The marketeers’ playing field witnesses the birth of a new platform or tool almost every week, with the promise of even more work efficiency. Fantastic! Obviously, most marketeers are immediately over the moon with every new and effective resource.
“This is the newest marketing tool”;
“The results of this tool look fantastic!”;
“I want to be able to do that too!”…
There are many reasons to start using new marketing tools immediately. Consequently, an ever-recurring question from the marketeers and DPOs in our courses is whether GDPR allows to use this newest marketing tool or not?
To answer these GDPR compliance questions, marketing teams benefit from practical GDPR training. This way marketeers can make their own assessment of any new tool.
In this blog post, we are handing you 5 tips to assess these tools yourself as a marketeer and to help you examine the GDPR conformity.
1/ What is the purpose of this new marketing tool?
Try to make a brief overview of the way you would like to use this tool.

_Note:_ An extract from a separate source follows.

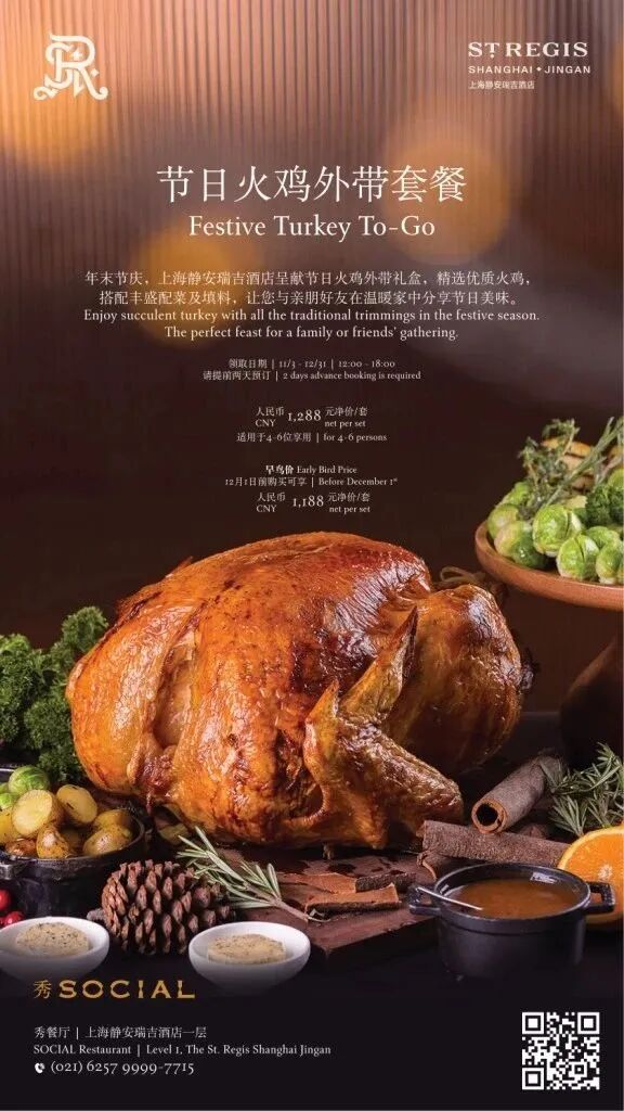 Enjoy succulent turkey with all the traditional trimmings in the festive season. The perfect feast for a family or friends’ gathering.What? A 9-10 kg turkey, traditional trimmings, for 4-6 peopleSocial 1/F, The St. Regis Shanghai Jingan, 1008 Beijing Xi Lu, by Jiangning Lu 北京西路1008号, 上海静安瑞吉酒店一层, 近江宁路.The Sukhothai, Shanghai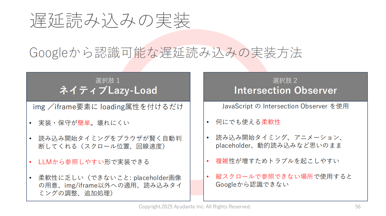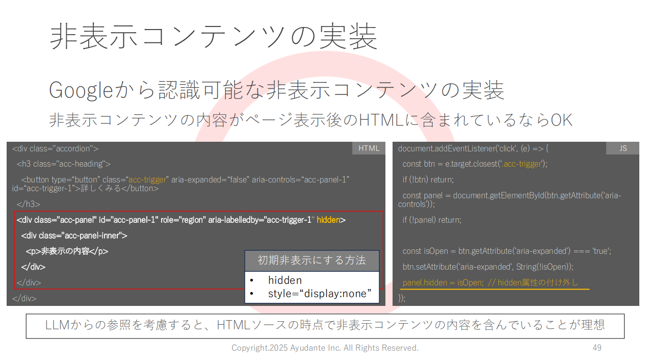 - ・開催いただきありがとうございました!非表示コンテンツがどう扱われるか曖昧な認識になっていたので、知ることができよかったです。遅延読み込みもlazyload以外のやり方を知らなかったので学びになりました。SEOでできることはなるべくやり切りつつ、LLM対策も視野に入れながら制作していこうと思いました!

Using a scheme can help you. It also gives a better understanding of the platform if you should apply it later. If applicable, you can use this overview to inform your customers about your new marketing initiative.
2/ Which personal data are processed by the new marketing tool?
This is first and foremost the key question. Mapping the kind of data that this tool processes and where it comes from is vital.
Are they traditional personal data (name, email, …)?
Are less obvious personal data going to be processed (IP address, user behaviour, …)?
Will sensitive information be collected (medical, financial, …)?
Are all these data really required by us?
Are we allowed to use the data?
Do not forget to do a “panic test”: are our prospects or customers expecting us to collect these data from them? Would a panic arise internally and externally if it would come out that we are gathering that kind of data from them?
3/ How are the personal data being processed by the marketing tool?
In what way will the data end up in the tool? Does the tool work by means of a tracking pixel, forms, integration with another platform, etc.?
4/ Does this tool meet the legal requirements regarding GDPR?
A good indicator is to already make a list of the following findings:
Do the makers of the tool provide their own location data on the website? (You can use this later in your assessment.)
What is indicated in the terms and conditions of sale and use? Are you able to find them?
5/ Where does this tool come from and where are the data processed?
If the location is known, then check if it is a country of the EEA (European Economic Area). If not, is it a country with an adequate level of data protection outside the EU, as recognized by the European Commission?
Is it an American marketing tool? Then go through all these questions and decide whether this tool is necessary. Get the DPO or company lawyer involved to make deeper assessments.
Ask yourself the following question: is there no European alternative for this tool? Mind you: by using a European marketing tool you are not entirely on the safe side, because the tool could process data on American servers or in an American cloud environment. You will have to verify that.
Conclusion: with these 5 tips you can gather the necessary information to present the new marketing tool that you deem indispensable to your DPO, your legal team or your management. Your DPO can also use this information to complete the register of processing operations.